Apache Spark
Apache Spark is an open-source parallel processing framework for storing and processing Big Data across clustered computers. Spark can be used to perform computations much faster than Hadoop can rather Hadoop and Spark can be used together efficiently. Spark is written in Scala, which is considered the primary language for interacting with the Spark Core engine, but it doesn’t require developers to know Scala, which executes inside a Java Virtual Machine (JVM). APIs for Java, Python, R, and Scala ensure Spark is within reach of a wide audience of developers, and they have embraced the software.
Structure
Spark uses a master-slave architecture that contains a driver and a worker. A driver coordinates many distributed workers in order to execute tasks in a distributed manner while a cluster manager deals with the resource allocation to get the tasks done.
Driver
The driver is where the Main method runs. It converts the program into tasks and then schedules the tasks to the executors. The driver has at its disposal 3 different ways of communicating with the executors; Broadcast, Take, and DAG. It controls the execution of a Spark application and maintains all of the states of the Spark cluster, which includes the state and tasks of the executors. The driver must interface with the cluster manager in order to get physical resources and launch executors. To put this in simple terms, this process is just a process on a physical machine that is responsible for maintaining the state of the application running on the cluster.
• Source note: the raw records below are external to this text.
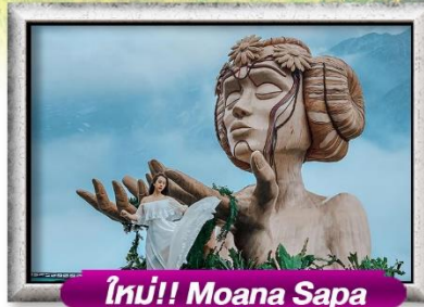
ใหม่!! Moana Sapa
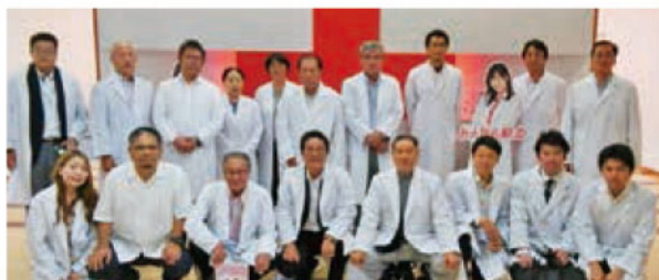
ライオンズクラブの皆さま
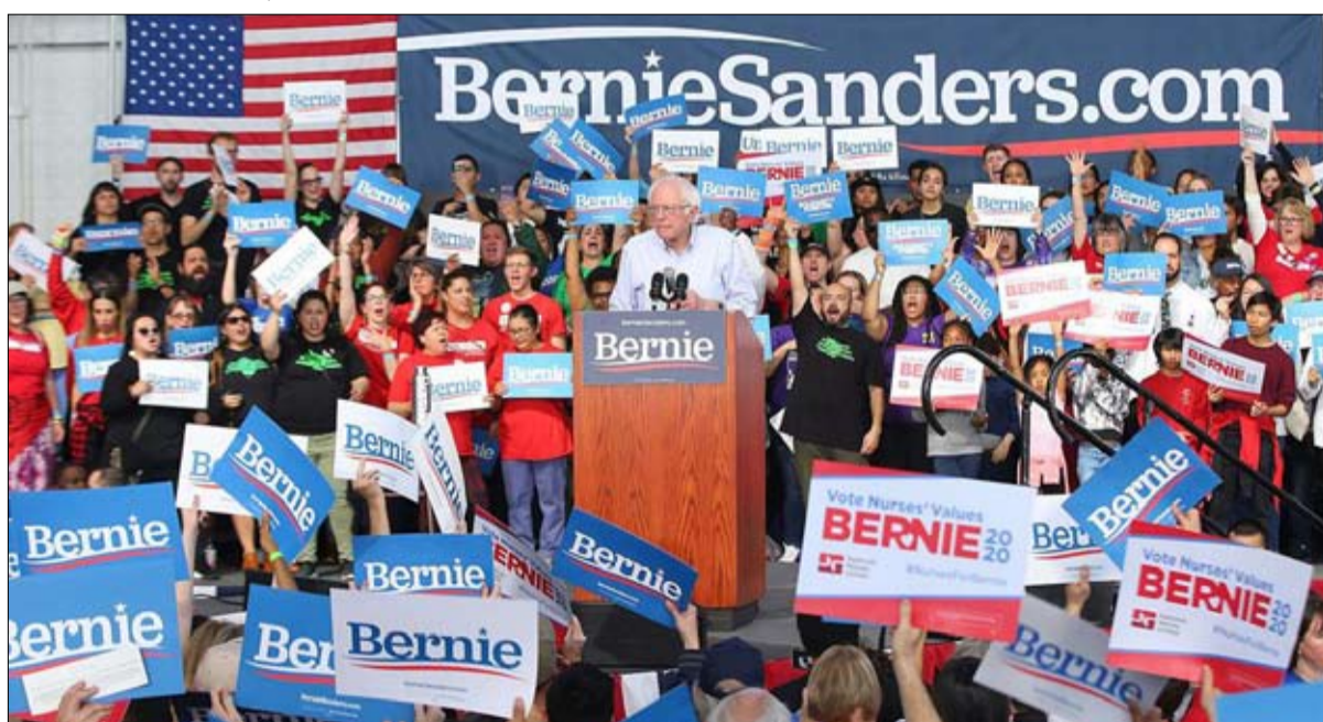
بيرني يبحث عن نفس جديد
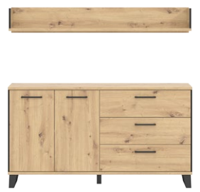
LT 13 - półka szer. x wys. x gł. 150 x 22 x 23,5 cm Waga: 9,35 kg
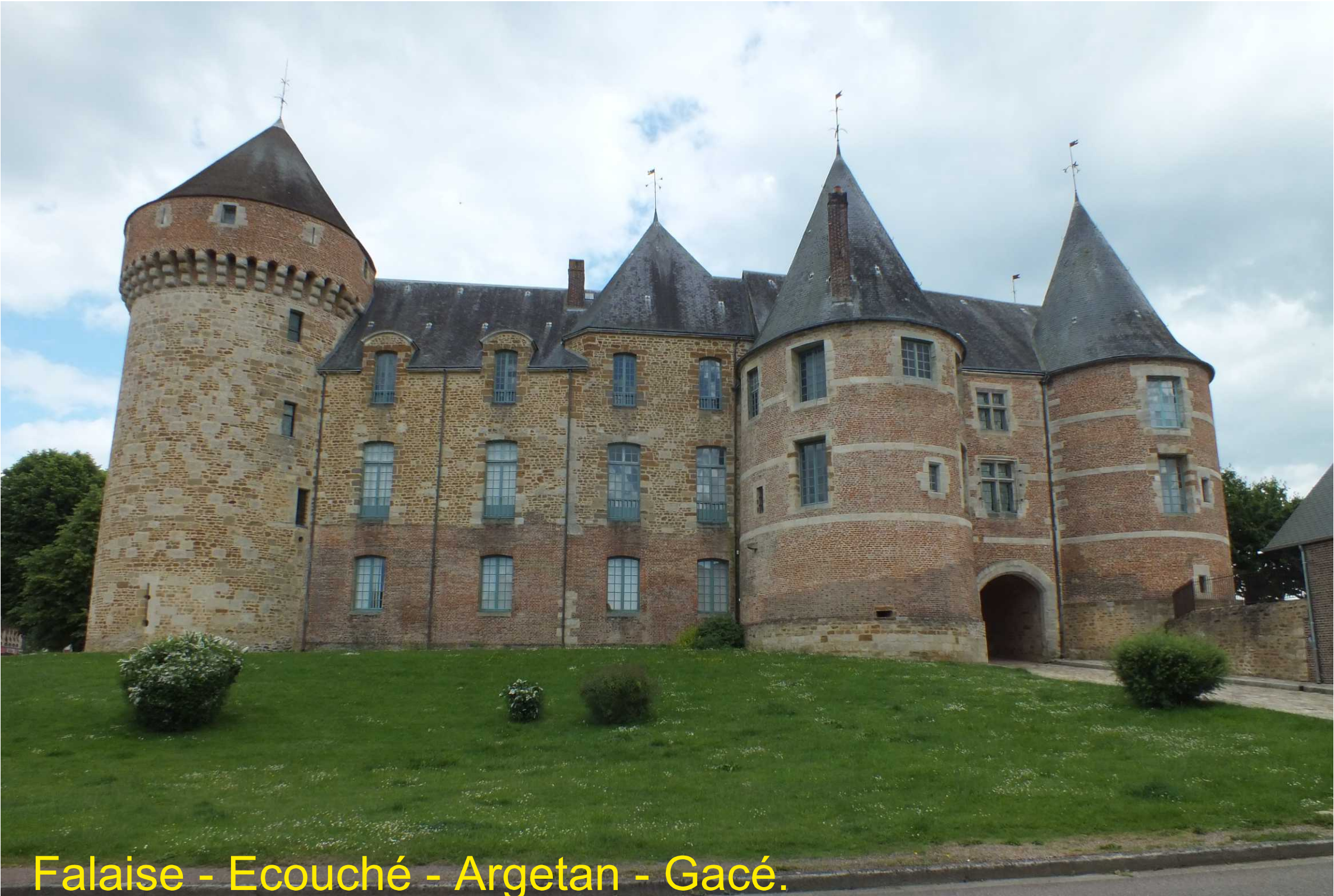
Falaise - Ecouché - Argetan - Gacé.
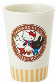
陶磁器製カップ 10本 サイズ：約直径 8×高さ 10.5cm
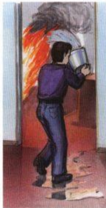
Приступить к тушению пожара первичными средствами
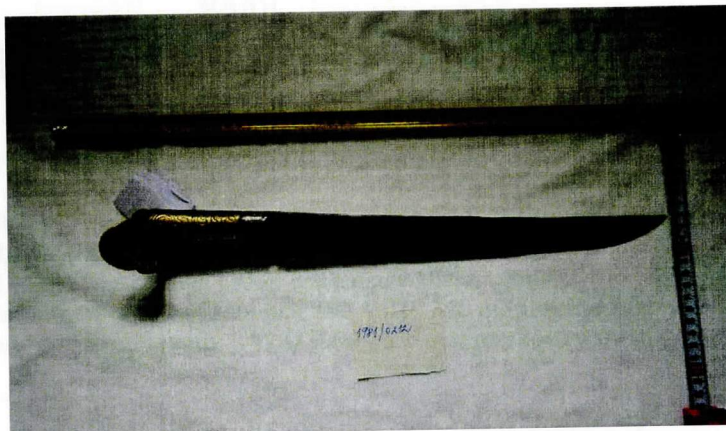
Chladná zbraň typu jatagan 1981/0212H, H2592
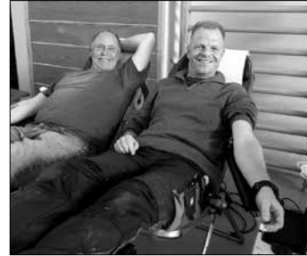
Es lief auch bei den Spendern gut - im wahrsten Sinne des Wortes.

Die nächste Blutspende findet am 17. Juli ebenfalls in der Turnhalle der Grundschule statt.
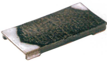
ワ105-31-2 かこのまな板皿 (26×13×3cm) ¥2,800 2209105031
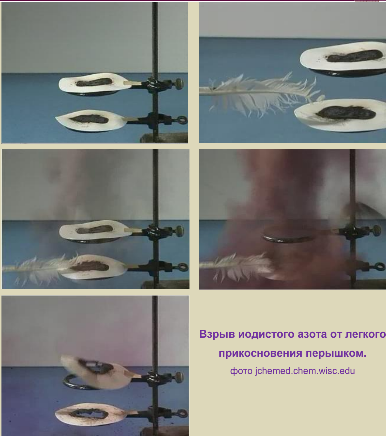
Взрыв иодистого азота от легкого прикосновения перышком.
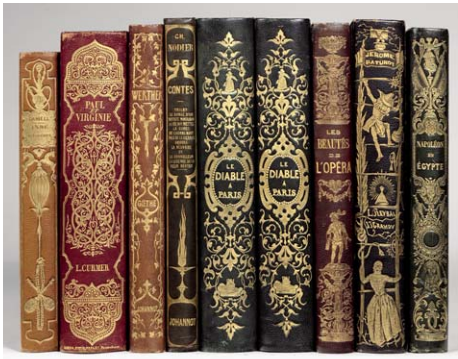
Exemplaires en chagrin d'éditeur
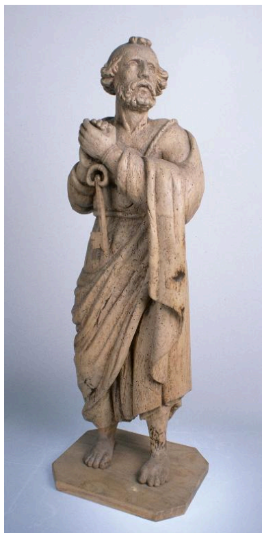
Vue d'ensemble. IVR22_19966000762ZA
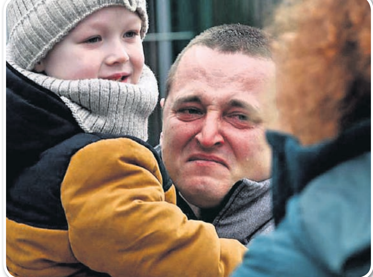
ରୁଷିଆ ସେନାର ଆକ୍ରମଣ ପରେ ଯୁକ୍ରେନ୍‌ରୁ ଘୋଡ଼ାକିଆର ଉଦ୍‌ଲୀରେ ପହଞ୍ଚିଥିବା ଜଣେ ବ୍ୟକ୍ତି ନିଜ ଶିଶୁକୁ ଧରିଛନ୍ତି।
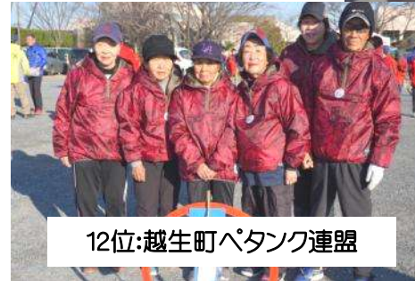
12位:越生町パタック連盟

第11回埼玉県連盟クラブ対抗選手権大会 令和2年2月24日、深谷市川本公民館おまつり広場で第11回埼玉県連盟クラブ対抗選手権大会が開催され、秩父の諏訪パタッククラブが、昨年に続いての2連覇を達成し、令和初代チャンピオンとなった。 予選リーグは2ブロックに分かれAブロック1位の諏訪パタッククラブ、Bブロック1位の和銅黒谷チームが順位決定戦を行い、シングルス戦、ダブルス戦、トリプルス戦勝利した諏訪パタッククラブが総合1位となった。
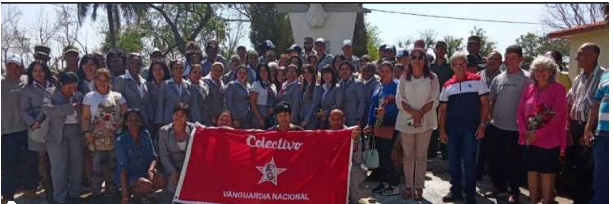
COPEXTEL Artemisa, Vanguardia Nacional
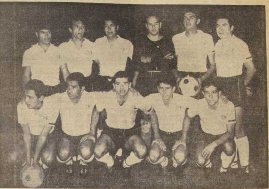
COLO COLO! — El cuadro popular, fue el que expuso más regularidad a lo largo de la temporada oficial próxima a finalizar. Con todo, se mostró flojo en las jornadas recientes, dejándose alcanzar por la "U", a quien llegó a aventajar en siete puntos. Su carta decisa la juega frente a la U.C.

MARLENE AHRENS fue de nuevo en 1963, la figura de nuestro deporte. Alta majestosa e imponente la vimos triunfar, sin esfuerzo, en la prueba de su especialidad, en el importante evento que fueron los Juegos Panamericanos desarrollados en la bella Sao Paulo, cuyo público la hizo objeto de una ovación. Vibraron en su espectacular victoria en Pacembá, que la consagró otra vez como la mejor jiralista panamericana, y más tarde, a la distancia, volvió a brindarnos la emoción de su triunfo en el Sudamericano de Colombia, donde, superando la pena que la embargaba por el fallecimiento de su progenitor, dio cuenta de sus portadas adversarias. Dos veces estuvo, pues, en la tarima de los campeones, envuelta en una sonrisa emocionada, mientras llegaba al tópe del mastil olímpico nuestro emblema nacional. ¡Viva Marlene! Hubo también en Sao Paulo, otra nota grata para nuestro deporte, ofrecida por un muchachote panamericano, trayendo la medalla de oro de los campeones. Este fue Misael Vilugron, que saltó de golpe al primer plano de nuestros mejores deportistas del año 1963, mostrando en clase de excelente pugilista. También lo vimos sonriente en tanto le prendían el galardón, escena que se repitió en el último Torneo Nacional del Boxeo Aficionado. Por la figuración que les cupo en tan notables jornadas, tanto Marlene Ahrens como Misael Vilugron se han hecho acreedores al "Medallón" de LA NACION.
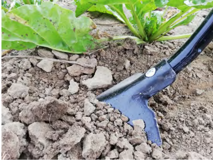
Zappa classica di elemento sarchiante flessibile
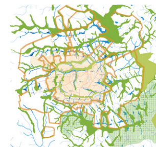
Concept de ceinture verte
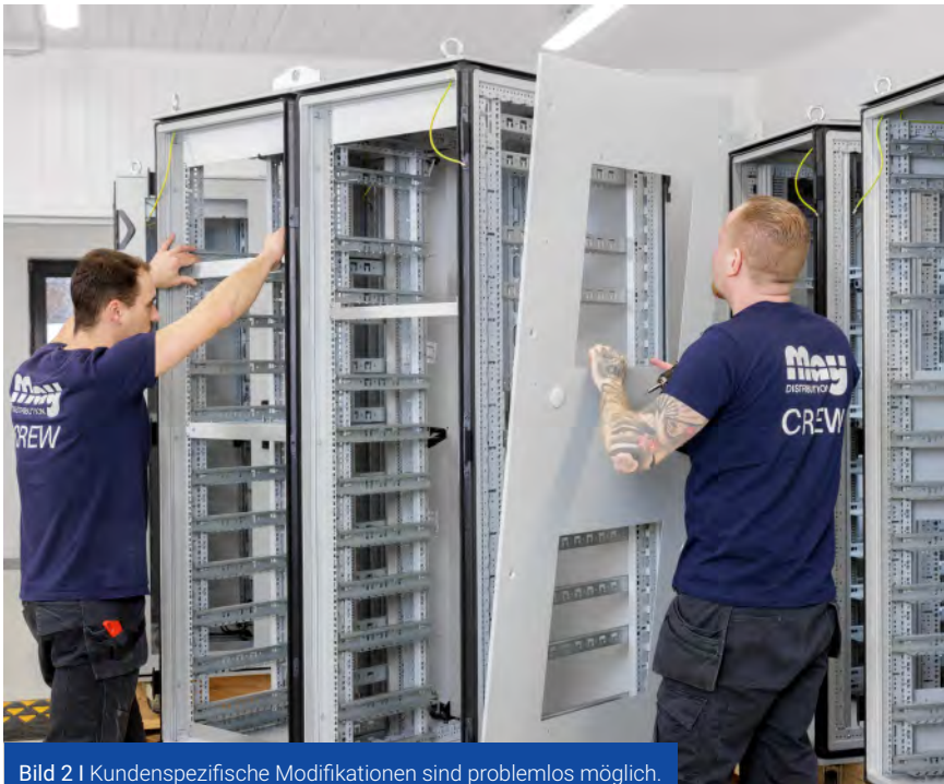
Bild 2 | Kundenspezifische Modifikationen sind problemlos möglich.

che, Bedruckung, Sonderfarben oder eine spezielle Frontplattengestaltung modifiziert werden müssen, kümmert sich der Distributor um die Umsetzung. Der Kunde erhält auf Wunsch ein fertig aufgebautes Produkt inklusive aller Einbau- und Zubehörteile sowie fertig montierter Baugruppen. Auch eine Konfektionierung von Leitungen als Einzelstück oder Serie ist möglich, ebenso eine Lagerbevorratung nach Kundenabsprache.
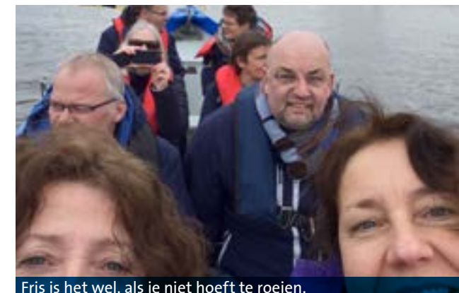
Fris is het wel, als je niet hoeft te roeien.
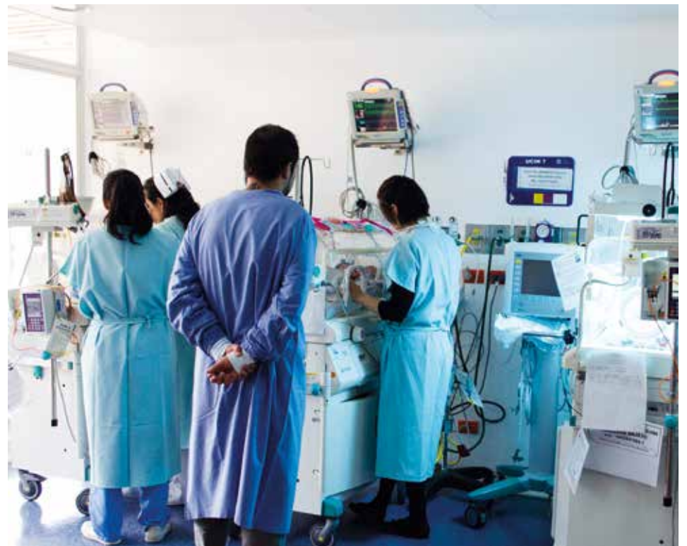
Esta investigación ofrece soluciones para garantizar la seguridad y la vida de los bebés cuando requieren reanimación al momento de nacer.

Es importante seguir desarrollando investigaciones que busquen la seguridad en la reanimación neonatal para poder garantizar la vida de los recién nacidos, sobre todo en los centros de salud de los niveles 1 y 2, donde la disponibilidad de profesionales especializados está limitada.
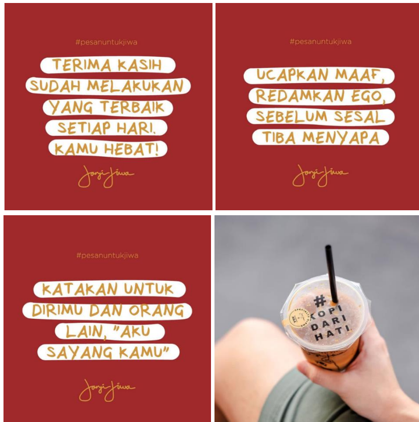
Gambar 2. Kemasan Kopi Janji Jiwa dan Teksnya.

Berdasarkan observasi, maka diambil empat buah teks yang terdapat pada kemasan Janji Jiwa seperti pada gambar 2. Teks-teks tersebut adalah sebagai berikut: “Terima kasih sudah melakukan yang terbaik, kamu hebat!” (posisi di bagian tutup kemasan), “Katakan untuk dirimu dan orang lain, ‘aku sayang kamu’.” (tutup), “Ucapkan maaf, redamkan ego, sebelum sesal tiba menyapa.” (tutup) dan “Sebuah cerita tentang jiwa, menepati janji secangkir kopi.” (badan).
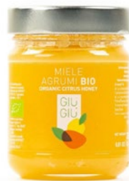
MIELE AGRUMI BIO Organic citrus honey Cod: 0024294 - 250 g
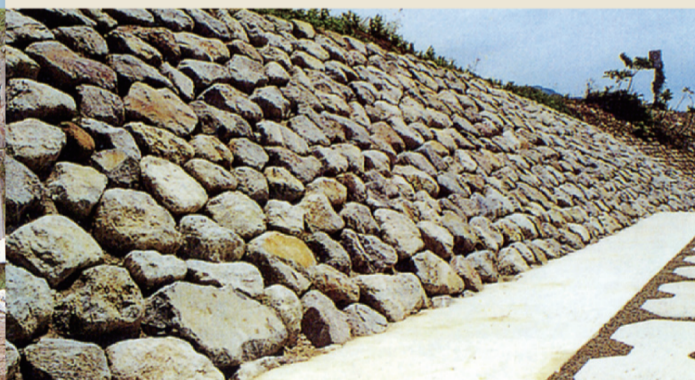
人口大玉自然石「ネオストーン」

- Broadcast Action: The driver transmits the necessary data to each executor. This action is optimal for data sets under a million records, +- 1GB of data. This action can become a very expensive task.
- Take Action: Driver takes data from all Executors. This action can be a very expensive and dangerous action as the driver might run out of memory and the network could become overwhelmed.
- DAG(Direct Acyclic Graph) Action: This is the least expensive action out of the three. It transmits control flow logic from the driver to the executors.